● Prompt: If an entry below holds a picture, skip the picture and copy everything else exactly.

● Information provided:
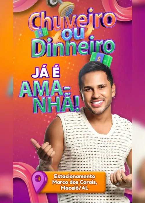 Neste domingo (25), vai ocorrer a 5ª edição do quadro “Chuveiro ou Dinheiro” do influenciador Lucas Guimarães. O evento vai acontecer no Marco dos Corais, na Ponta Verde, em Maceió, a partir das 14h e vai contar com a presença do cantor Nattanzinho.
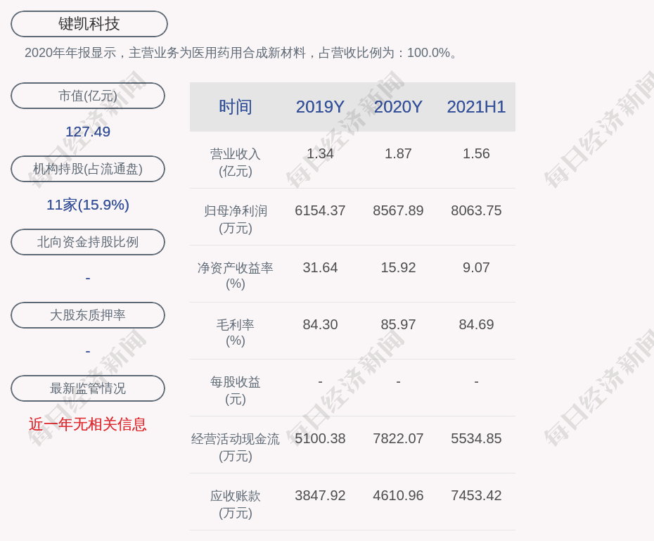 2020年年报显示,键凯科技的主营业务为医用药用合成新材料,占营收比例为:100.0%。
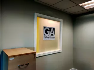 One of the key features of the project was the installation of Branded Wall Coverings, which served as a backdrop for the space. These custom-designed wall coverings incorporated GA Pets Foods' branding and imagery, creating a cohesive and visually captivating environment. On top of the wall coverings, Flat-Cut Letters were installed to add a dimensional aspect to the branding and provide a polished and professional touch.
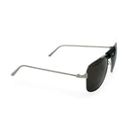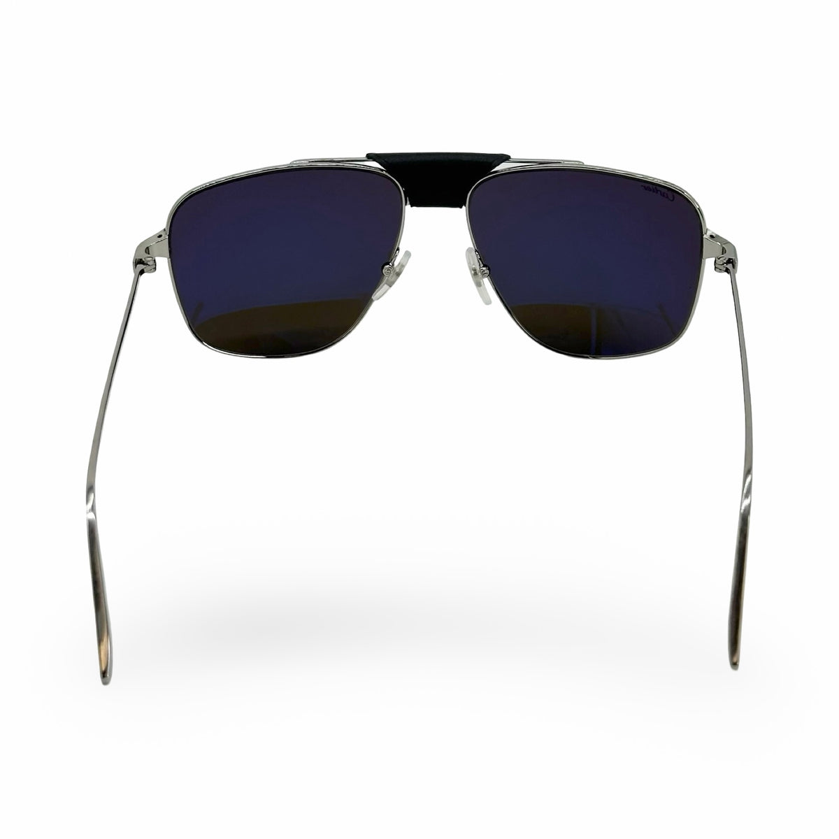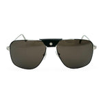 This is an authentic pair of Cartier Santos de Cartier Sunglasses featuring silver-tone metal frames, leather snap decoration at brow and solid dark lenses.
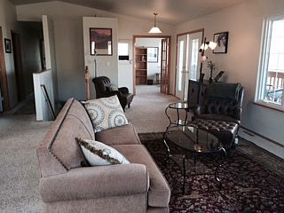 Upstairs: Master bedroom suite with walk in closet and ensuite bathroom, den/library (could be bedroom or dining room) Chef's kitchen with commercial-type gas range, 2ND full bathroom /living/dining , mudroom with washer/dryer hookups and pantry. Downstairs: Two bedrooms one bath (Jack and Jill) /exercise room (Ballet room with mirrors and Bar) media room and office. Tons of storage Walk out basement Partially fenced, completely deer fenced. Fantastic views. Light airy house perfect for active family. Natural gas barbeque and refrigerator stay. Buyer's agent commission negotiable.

● Exercise answer:
 Neste domingo (25), vai ocorrer a 5ª edição do quadro “Chuveiro ou Dinheiro” do influenciador Lucas Guimarães. O evento vai acontecer no Marco dos Corais, na Ponta Verde, em Maceió, a partir das 14h e vai contar com a presença do cantor Nattanzinho.
 2020年年报显示,键凯科技的主营业务为医用药用合成新材料,占营收比例为:100.0%。
 One of the key features of the project was the installation of Branded Wall Coverings, which served as a backdrop for the space. These custom-designed wall coverings incorporated GA Pets Foods' branding and imagery, creating a cohesive and visually captivating environment. On top of the wall coverings, Flat-Cut Letters were installed to add a dimensional aspect to the branding and provide a polished and professional touch.
 This is an authentic pair of Cartier Santos de Cartier Sunglasses featuring silver-tone metal frames, leather snap decoration at brow and solid dark lenses.
 Upstairs: Master bedroom suite with walk in closet and ensuite bathroom, den/library (could be bedroom or dining room) Chef's kitchen with commercial-type gas range, 2ND full bathroom /living/dining , mudroom with washer/dryer hookups and pantry. Downstairs: Two bedrooms one bath (Jack and Jill) /exercise room (Ballet room with mirrors and Bar) media room and office. Tons of storage Walk out basement Partially fenced, completely deer fenced. Fantastic views. Light airy house perfect for active family. Natural gas barbeque and refrigerator stay. Buyer's agent commission negotiable.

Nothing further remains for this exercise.